Анн предложила позвать Карла. Я отказалась. Ещё чего! Я и так сегодня уже отличилась… К тому же, он должен был как следует отдохнуть с дороги, а не внимать моим вечным проблемам.
– Я принесу тебе воды… – не унималась невестка. – Должна же я хоть чем-то тебе помочь!
Мигом осушив высокий стакан минералки, я начала постепенно возвращаться к жизни. Анн пошла к Карлу, наконец-то оставив меня наедине с моими мыслями.
Сначала я попыталась расслабить все мышцы и помедитировать. Но, вместо йоговских мантр, на ум приходили слова из песен Матеуша… Что ж, неудивительно. Большинство из них были посвящены мне. По крайней мере, он так говорил.

День вчерашний.

Вчера он поставил меня перед фактом, что женится на Агнешке – матери его третьего ребёнка, и местечковой певице с внешностью бешеной канарейки. Должна признать, вместе они смотрелись довольно гармонично – эдакие Пан Китч и Пани Авангард нашей эстрады. Ну что ж, Бог в помощь… Возможно, Агнешка Новак способна сделать его счастливым… Хотя бы на пару лет, как и её предшественницы – Моник и Мартына – натуры в меру творческие и не в меру гонористые.

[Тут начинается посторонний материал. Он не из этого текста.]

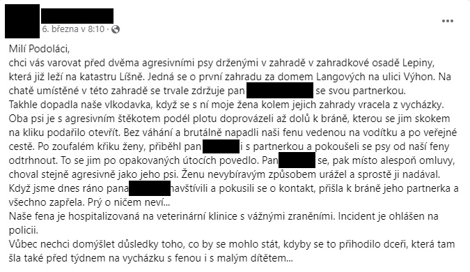 POZOR - NEBEZPEČNÍ PSI V LOKALITĚ LEPINY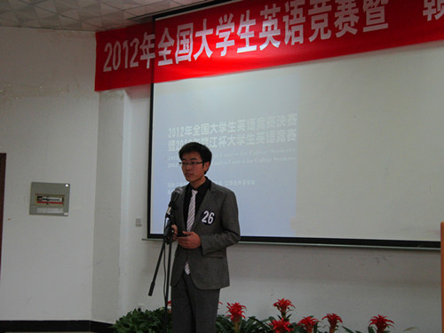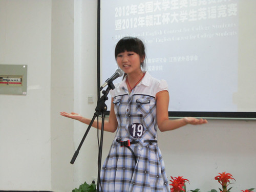 本站讯(记者徐谢哲甜 肖家玮报道)5月14日,为期3天的2012年全国大学生英语竞赛决赛暨第七届“赣江杯”大学生英语竞赛(江西赛区)迎来了比赛的最后一天。经过前一天笔试和听力的筛选,50位A、B组选手、55位C组选手以及50位D组选手入围口语决赛。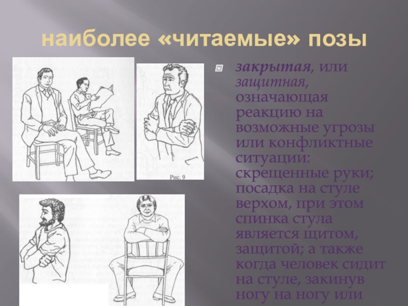 Слайд 35наиболее «читаемые» позы

– Моник помогла мне в карьере…– вспоминал Матеуш тем холодным вечером, когда мой приговор был оглашён. – Тогда я ещё был молод и амбициозен… Я не могу сказать, что любил её… Просто она оказалась в нужном месте в нужное время, и я на ней женился. Ну а Мартына… Она хотела преуспеть и на эстраде, и в семейной жизни. Не вышло – я бежал от её халатности и хладнокровия дальше, чем видел. Даже дети не остановили. Хотя за них я ей искренне благодарен.

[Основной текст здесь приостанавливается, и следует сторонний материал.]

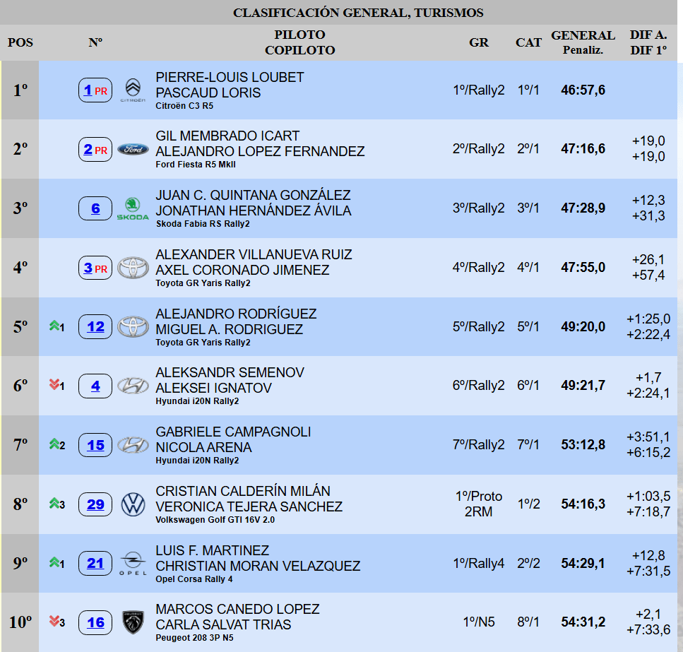 El joven conejero aprovecha la ausencia de presión en la cita de su isla para imponer un ritmo imposible de seguir para los pilotos que se disputan los sitios de privilegio. Por los 20.46 kilómetros de ‘Yaiza-Tías’ endosa 10.5″ al francés, que mantiene el control sobre Gil Membrado. El catalán termina exhausto por las altas temperaturas dentro del coche.

– Ну а с Агнешкой всё не так?
– Агнешка идеально мне подходит. Она мой Альтер-эго. Понимает меня с полуслова…
– Вот как? – с горькой ухмылкой спросила я. – А я, значит, не понимаю. Я чуждая, да?

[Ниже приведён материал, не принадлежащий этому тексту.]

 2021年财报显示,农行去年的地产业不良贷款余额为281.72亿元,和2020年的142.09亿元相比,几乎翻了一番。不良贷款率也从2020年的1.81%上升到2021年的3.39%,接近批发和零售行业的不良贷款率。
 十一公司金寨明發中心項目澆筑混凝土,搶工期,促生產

– Нет, ты не чуждая. Просто мы разные. – спокойно ответил тот, кто ещё вчера в порыве страсти клялся мне в вечной любви и верности.
И вот, уже сидя за барной стойкой в компании двух неудачников, поначалу принявших меня за проститутку, я снова и снова прокручивала в мыслях наш разговор. Ни количество выпитого бренди, ни навязчивые посетители никак не могли меня отвлечь от ужасной мысли: «ЭТО КОНЕЦ».
– Значит, мы не увидимся больше?
– Так будет лучше для нас обоих.
Какая банальная, шаблонная фраза! Почему мой Матеуш, прежде отличавшийся красноречием и собственной манерой общения с противоположным полом, даже не удосужился почтить меня более корректным выражением? Разве он не видел слёз в моих глазах? Неужели для него ничего не значили те дни и ночи, что мы провели вместе?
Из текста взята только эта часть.